In search of the Bornean Banteng

14 June 2011

Banteng 1 WEBA female banteng and two adolescents photographed in the Malua Forest Reserve by camera trap

A new collaborative project involving researchers from the University’s Field Centre in Malaysia is aiming to protect the Bornean banteng, potentially the first large mammal to go extinct in a near future.

The Bornean Banteng Programme has been launched to aid understanding and conservation of the banteng, a relatively unknown species of wild cattle.

Dr Benoit Goossens, Director of the Danau Girang Field Centre (DGFC), said: "Years of poaching and recent forest conversion to vast areas of oil palm plantations have induced a drastic decline of banteng numbers in Borneo. If nothing is done to reverse the situation, this species could be the first large mammal to go extinct in a near future.

Banteng 2 WEBA female and male banteng photographed in the Malua Forest Reserve by camera trap

"Ecological information is crucial to the conservation of the banteng, however its elusive behaviour, remote inhospitable habitat and small population size preclude investigation."

To overcome these problems, researchers will use satellite telemetry, remote camera traps and genetic analysis to study the banteng population in two forest reserves. The project aims to increase knowledge of the mammals by identifying their home ranges and habitat use, as well as estimating their genetic diversity.

Penny Gardner, PhD student at the School of Biosciences and funded by Houston Zoo, is working on the project, carrying out her research in the 122,000 hectares of Tabin Wildlife Reserve. Penny said: "We’ve been setting up camera traps here at Tabin and also at Malua Forest Reserve, and have already managed to collect some wonderful pictures of healthy adult males and females, as well as juveniles."

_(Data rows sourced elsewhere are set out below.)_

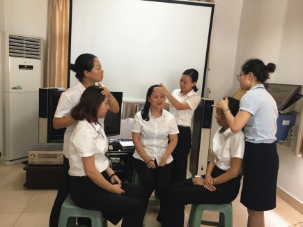 課堂中,一位老師為大家講解了“什么是頸椎病”、“頸椎的重要性”、“頸椎病的危害”等有關健康知識,另一位老師邀請現(xiàn)場人員做示范,用專業(yè)手法演示如何緩解頸椎亞健康狀態(tài)。 在老師的理論講解和親手示范下,在場人員分成兩組,現(xiàn)學現(xiàn)練,一組人用所學手法演示操作,另一組人坐著感受,老師在旁一一指點不足之處,然后兩組人員互換,交替學習。 此次健康講座不僅僅是紙上談兵,更讓每位員工親自練習操作手法,為今后在做好文明服務收費工作中,如何減緩頸椎疲勞提供了方法。 徐蘇蘇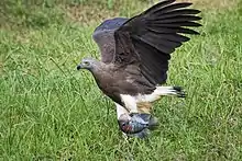 The grey-headed fish eagle (Icthyophaga ichthyaetus) is a fish-eating bird of prey from South East Asia.[2] It is a large stocky raptor with adults having dark brown upper body, grey head and lighter underbelly and white legs.[3] Juveniles are paler with darker streaking. It is often confused with the lesser fish eagle (Icthyophaga humilis) and the Pallas's fish eagle. The lesser fish eagle is similar in plumage but smaller and the Pallas's fish eagle shares the same habitat and feeding behaviour but is larger with longer wings and darker underparts. Is often called tank eagle in Sri Lanka due to its fondness for irrigation tanks.[4]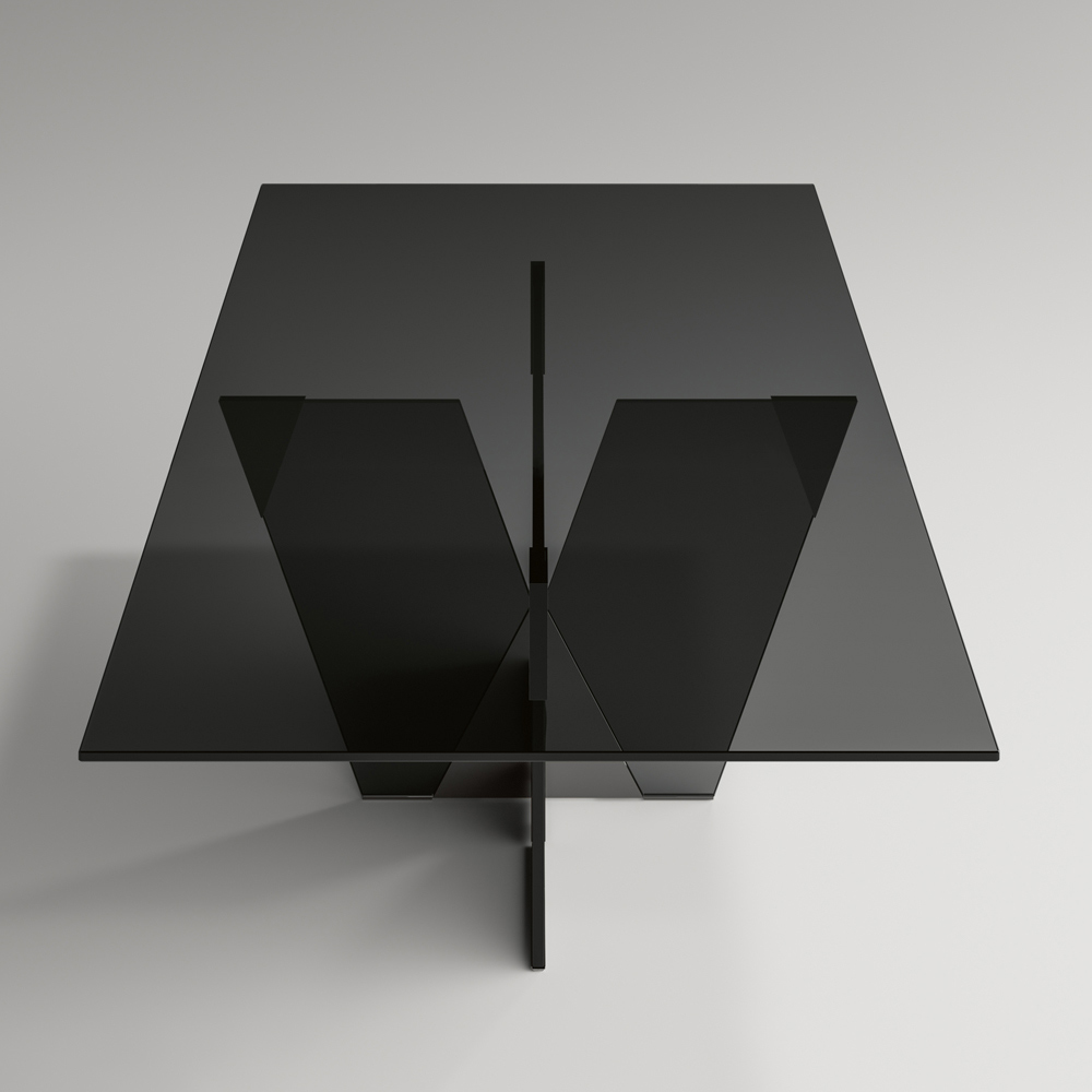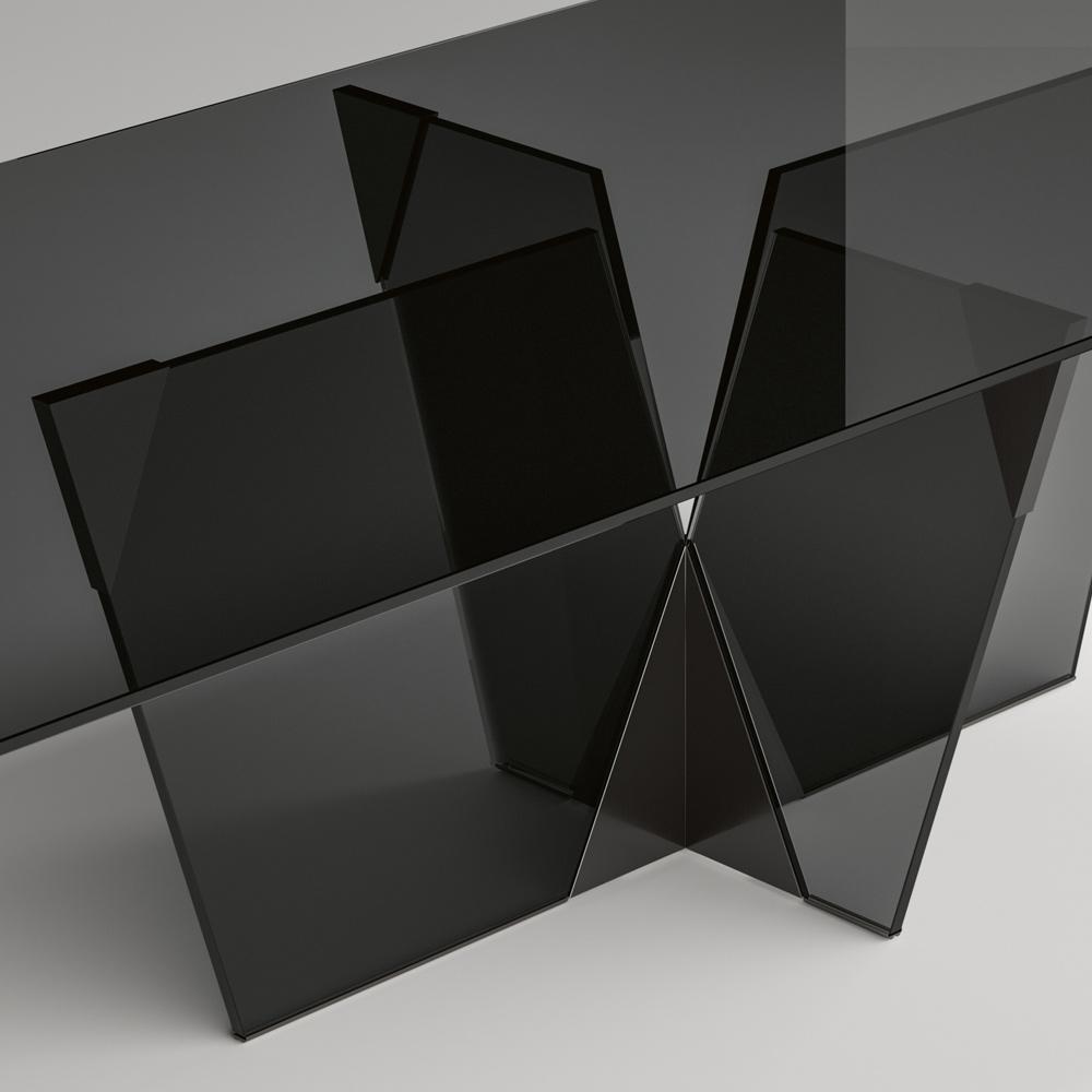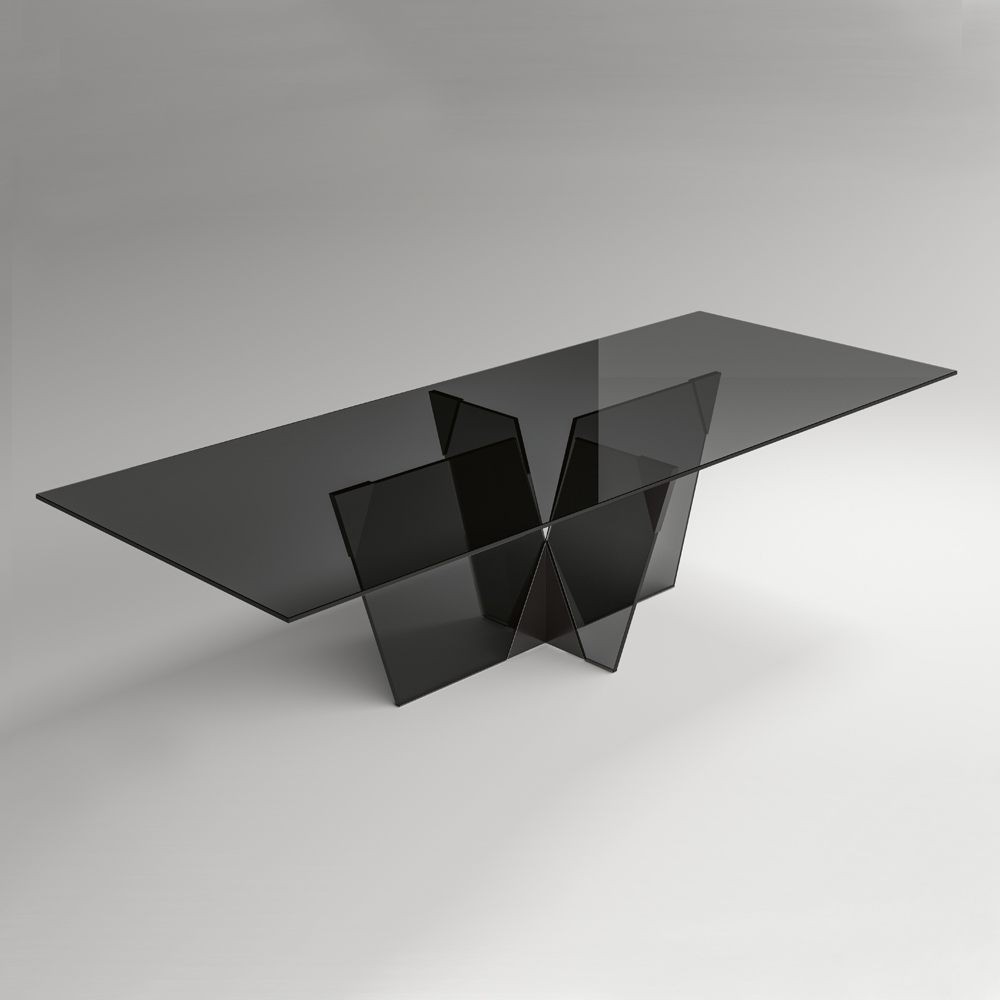 Dining table with rectangular top and glass base made entirely in Italy . Characterized by an elegant and sculptural structure , this piece of furniture is born from the combination of materials of different nature together with the passion for glass processing, thus managing to define a representation of strength and character through different shapes and thicknesses. The strong point of its aesthetics is the architectural base characterized by a pyramidal joint made of metal which constitutes the essential part of the product. The metal elements complete the design of the table giving shape to the glass of the base and enriching it with personality and originality.

banteng 3 WEBPenny Gardner (second from left), with Rodi Tenquist, volunteer at DGFC, and two field assistants next to one of the camera traps

DGFC’s collaborative partners will include the Sabah Wildlife Department, HUTAN, the Sabah Forestry Department, New Forests Asia, the Malua Biobank Project and the Leibniz Institute for Zoo and Wildlife Research. Additional funding is provided by the Malaysian Palm Oil Council, Mohamed bin Zayed Species Conservation Fund and Woodland Park Zoo.

Dr Laurentius Ambu, Director of the Sabah Wildlife Department, said: "The results of this programme will assist our department to develop a State Action Plan for banteng, and will hopefully increase awareness and appreciation of the wonderful wildlife that Sabah is blessed with and that we should protect against poaching, habitat degradation and habitat loss."

Danau Girang Field Centre is a collaborative research and training facility managed by Cardiff University and Sabah Wildlife Department.